EFE, Bombay (India)
El Ejército indio acabó ayer con el último reducto de terroristas y puso fin a casi tres días de crisis que, según los últimos datos oficiales, han dejado 183 muertos y centenares de heridos en Bombay, corazón financiero de India.
El Gobierno indio informó de que entre los muertos en la serie coordinada de ataques terroristas hay 22 extranjeros y 20 miembros de las fuerzas de seguridad, dos de ellos comandos de elite.
Sin embargo, las autoridades municipales de Bombay elevaron has 195 la cifra de víctimas mortales, entre ellas 23 extranjeros, aunque advirtió de que esta parte es provisional.
Los últimos disparos y explosiones tuvieron lugar ayer en el lujoso hotel Taj, frente al mar Arábigo y la emblemática Puerta de la India, donde los comandos de elite indios dieron muerte a tres terroristas, registraron las más de 300 habitaciones del complejo durante todo el día y detonaron armamento y granadas que habían sido encontrados en el interior del establecimiento hotelero.
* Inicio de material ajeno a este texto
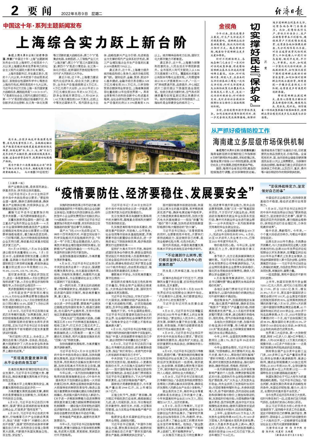 龚正介绍,这十年,上海着力建设现代化经济体系,综合实力跃上新台阶,全市生产总值连续跨过3万亿元、4万亿元两个大台阶,从2012年的2.13万亿元增长到2021年的4.32万亿元,跻身全球城市第四位;人均GDP从1.42万美元增加到2.69万美元,达到上中等发达国家水平。现代服务业为主体、战略性新兴产业为引领、先进制造业为支撑的现代产业体系初步形成,第三产业增加值占全市生产总值的比重从60%提高到73%以上。
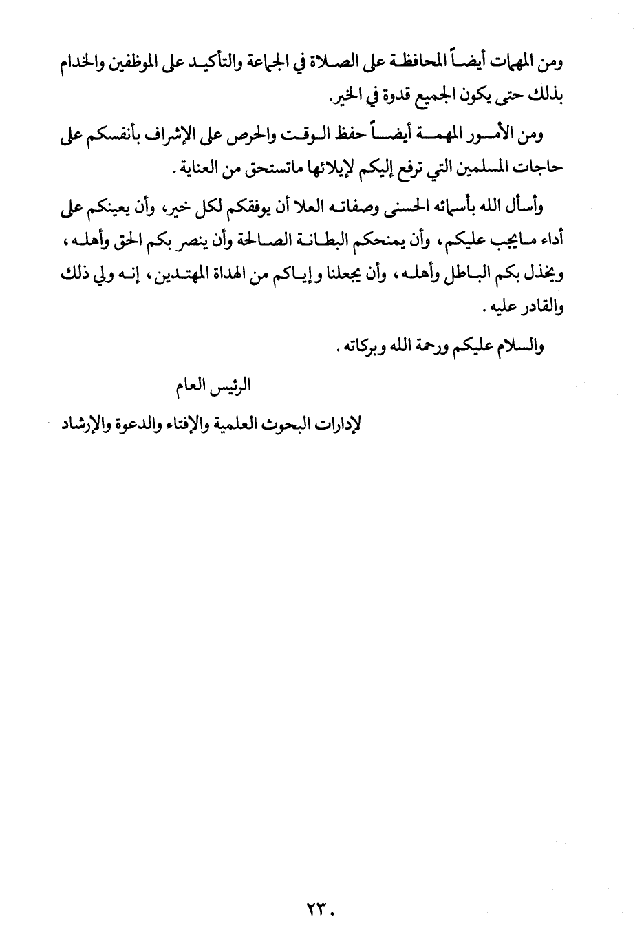 وأسأل الله بأسمائه الحسنى وصفاته العلى أن يوفقكم لكل خير، وأن يعينكم على أداء ما يجب عليكم، وأن يمنحكم البطانة الصالحة وأن ينصر بكم الحق وأهله، ويخذل بكم الباطل وأهله، وأن يجعلنا وإياكم من الهداة المهتدين، إنه ولي ذلك والقادر عليه. والسلام عليكم ورحمة الله وبركاته.
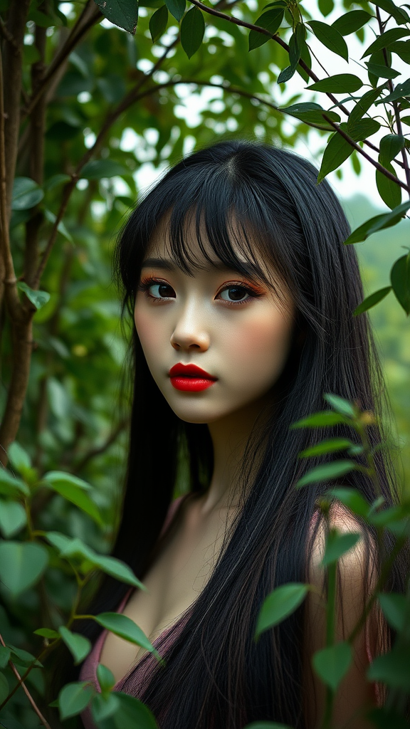 Majestic Korean girl with serene porcelain skin, full lips, delicate nose, luxuriant raven hair, doll-like features, bright and expressive symmetrical eyes with intricate details, shaded eyelids, delicate eyelashes, high cheekbones, slender neck, minimalist makeup, rustic natural surroundings, lush greenery, minimal muted color palette, overcast sky, soft subtle glow, dappled sunlight filtering through dense foliage, dramatic contrast between light and dark, HDR, predominantly low-contrast, deliberately imprecise brushstrokes, rough texture, slight JPEG compression artifacts, sometimes crudely painted, innocence, beauty, mystery.
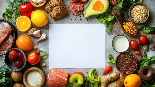 A blank meal plan sheet with healthy food items around, with space for text or logos.
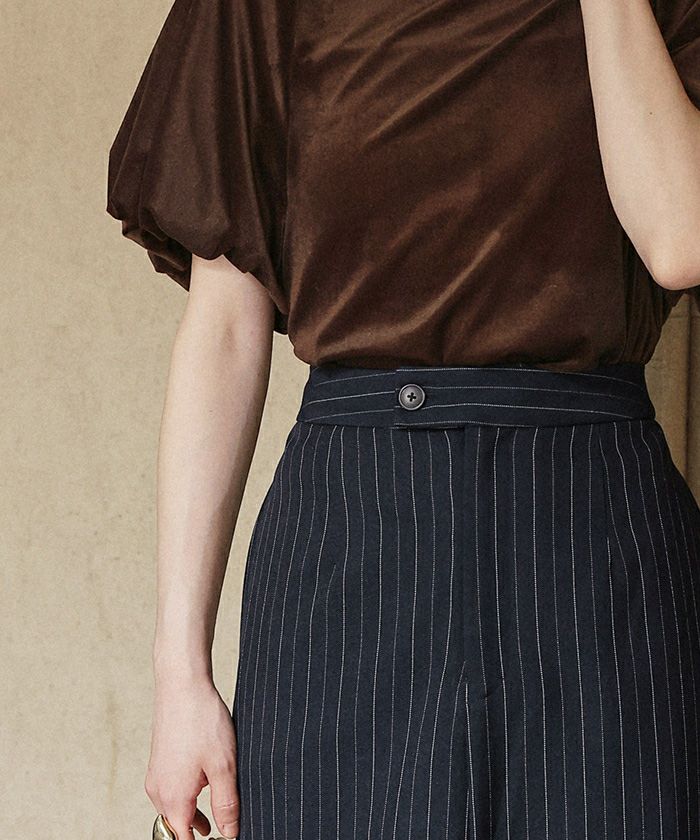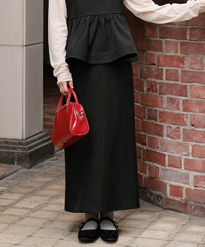 ・前立てのステッチやヒップのフェイクポケットなど、パンツっぽいデザインが可愛いスカート

No muy lejos del Taj se halla otro de los diez puntos atacados, el hotel Oberoi, de donde el viernes salieron con vida dos empresarios españoles, Álvaro Rengifo y Alejandro de la Joya, atrapados en sus habitaciones.
Aunque ambos hoteles presentan serios desperfectos (en especial el ala este del Taj, cuya reconstrucción costará unos 100 millones de dólares, según los expertos), el escenario más devastado es el centro religioso judío Nariman House, donde murieron al menos cinco personas, entre ellas un rabino y su esposa, que fueron tomados como rehenes.
"Era gente muy religiosa, muy buena gente, nunca han molestado a nadie", dijo en alusión al matrimonio judío asesinado un arquitecto que trabaja para el Ministerio indio de Defensa.